- AIM OF THE TASK: Transcribe only the lines in the data below falling between the line with "LOT 3 CULTURED" and the line with "Reconocimiento a la solidaridad RREE", including those two lines, and leave out any picture.

=== WORKING DATA ===

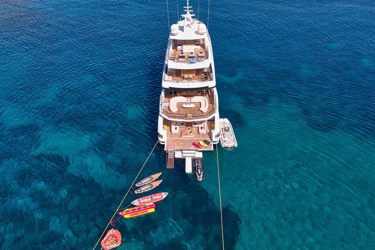An impressive toy box completes the package on board VOLO MARE. With two SeaBobs, two stand up paddleboards, and a jetski amongst the highlights, those wanting a day exploring the local coves or marine life below the waves have enough to entertain for hours.
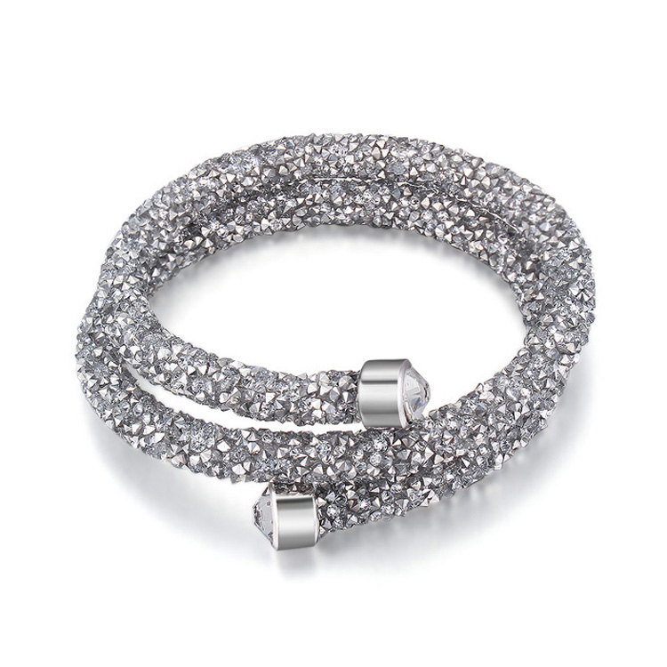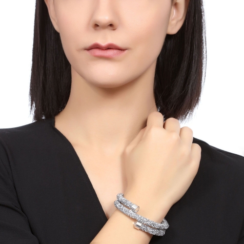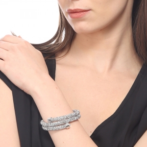 Brazalete de doble vuelta con detalles de baño de oro blanco de 18 quilates y cristales en color blanco y gris.
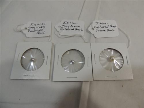 LOT 3 CULTURED PEARLS SIZE (2) 5.5MM & 7MM. AS SHOWN. VIEW PICTURE FOR DETAIL.
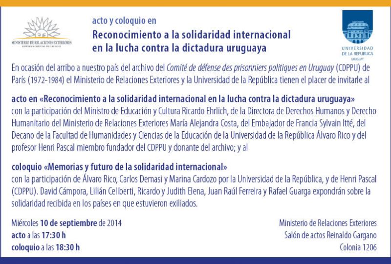 Reconocimiento a la solidaridad RREE 8 set 2014 . SEMINARIOS, JORNADAS, OTROS : Reconocimiento a la solidaridad recibida durante la dictadura / 10 de septiembre / 17:30 / Ministerio RREE
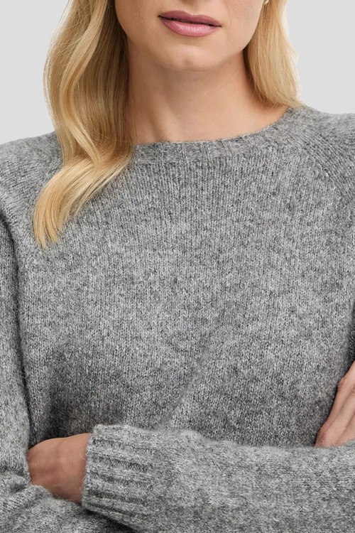 Детали: Женский серый джемпер из альпаки Ghiacci от Max Mara Weekend (Макс Мара Викенд). Круглый вырез горловины, классическая длина, ребристые манжеты и нижний край
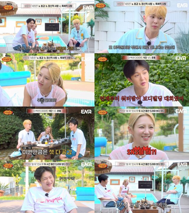 이외에도 ‘필름이 끊긴 다음 날 더 최악인 것은? 회사 대표님 vs 전 연인’, ‘전 연인이 주변에 한 말 중 더 열받는 것은? 걔 쓰레기였어 vs 나 걔랑 안 사귐’ 등 난이도 극악의 선택지가 등장하며 치열한 토론을 부른다. 세 사람은 같은 아이돌 출신으로서 공감대를 나누다가도 쉴 틈 없는 토론 배틀을 펼치며 첫 방송부터 공감 가득한 웃음을 전할 예정이다.

===

- RESPONSE TO THE TASK:
 LOT 3 CULTURED PEARLS SIZE (2) 5.5MM & 7MM. AS SHOWN. VIEW PICTURE FOR DETAIL.
 Reconocimiento a la solidaridad RREE 8 set 2014 . SEMINARIOS, JORNADAS, OTROS : Reconocimiento a la solidaridad recibida durante la dictadura / 10 de septiembre / 17:30 / Ministerio RREE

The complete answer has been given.